My Christmas was fantastic. After talking on skype with a few of you, Elder Reynolds and I went to Juanitas house to celebrate. There we had some good food and laughed for a long time with Juanita and her equally old roommate, Regina. They are my favorite old ladies. They always tell lots of old people jokes that wouldn't make me laugh unless the jokes had come from Regina and Juanita. And I laugh soo hard when I am with them; to tears. They gave Elder Reynolds and I shaving cream (for sensitive skin, I don't know how they knew I have sensitive skin) and after shave. I have never used after shave in my life, so we will see how it goes. After shave just makes me think of Home Alone when little Macaulay Culkin slaps some burning after shave on his face and screams. I am hoping that my first time after shave experience is a little better. But, the point is that Juanita and Regina are great, and they helped make my Christmas perfect. Hopefully I helped them have a brighter Christmas too.

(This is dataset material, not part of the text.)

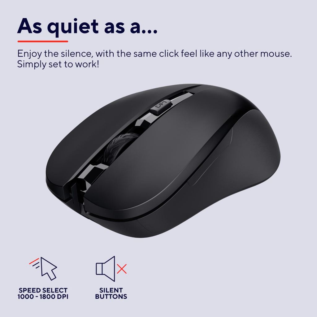 - Met opbergbare micro-USB-ontvanger Voor zowel rechts- als linkshandigen Met 4 knoppen Aanpasbare gevoeligheid (1000 - 1800 dpi) Draadloos bereik van 10 m Met geavanceerde stille knoppen Werkt op 2 AAA-batterijen (meegeleverd) Kleur: zwart
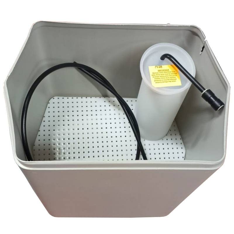 Livré en standard avec un bac à saumure rectangulaire (51 x 30 x 41 cm).

This week was pretty funny and different. I don't know why I always end up talking about the shower in these emails, but it always just seems to pop up. Our shower is the best I have had thus far in my mission, but the water heater has the sneaky habit of turning off if there is even a little bit of wind outside. I jumped into the shower on Friday morning without really testing the temperature of the water beforehand. The water was so freezing, but I am kind of a pro in taking cold showers lately, so I didn't turn it off. I just shouted to Elder Reynolds and asked him if he could light up the water heater again. I didn't hear an answer, so i just assumed that he had been busy with something and couldn't light the heater again. I just finished my cold shower. When I walked out of the shower, I just saw that Elder Reynolds was laid out on the bed and his face was all pink with hints of black. Apparently Elder Reynolds had gone out to light the water heater, stuck in a match to light the pilot light, and light a pocket of gas or something that caused an explosion to come out of the hole and burn his face. He was in kind of a lot of pain in his eyes, so we called the mission doctor. The mission doctor told us that he probably had a flash burn on his cornea and that we just had to buy some special eye drops and stay on bed rest. In the end, Elder Reynolds was totally fine, but we were obedient to the doctor and stayed in the apartment for the rest of the day. So, I spent another day counting bricks and drawing dragons. Sweet. Elder Reynolds is fine now. It seems like we have weird accidents every week.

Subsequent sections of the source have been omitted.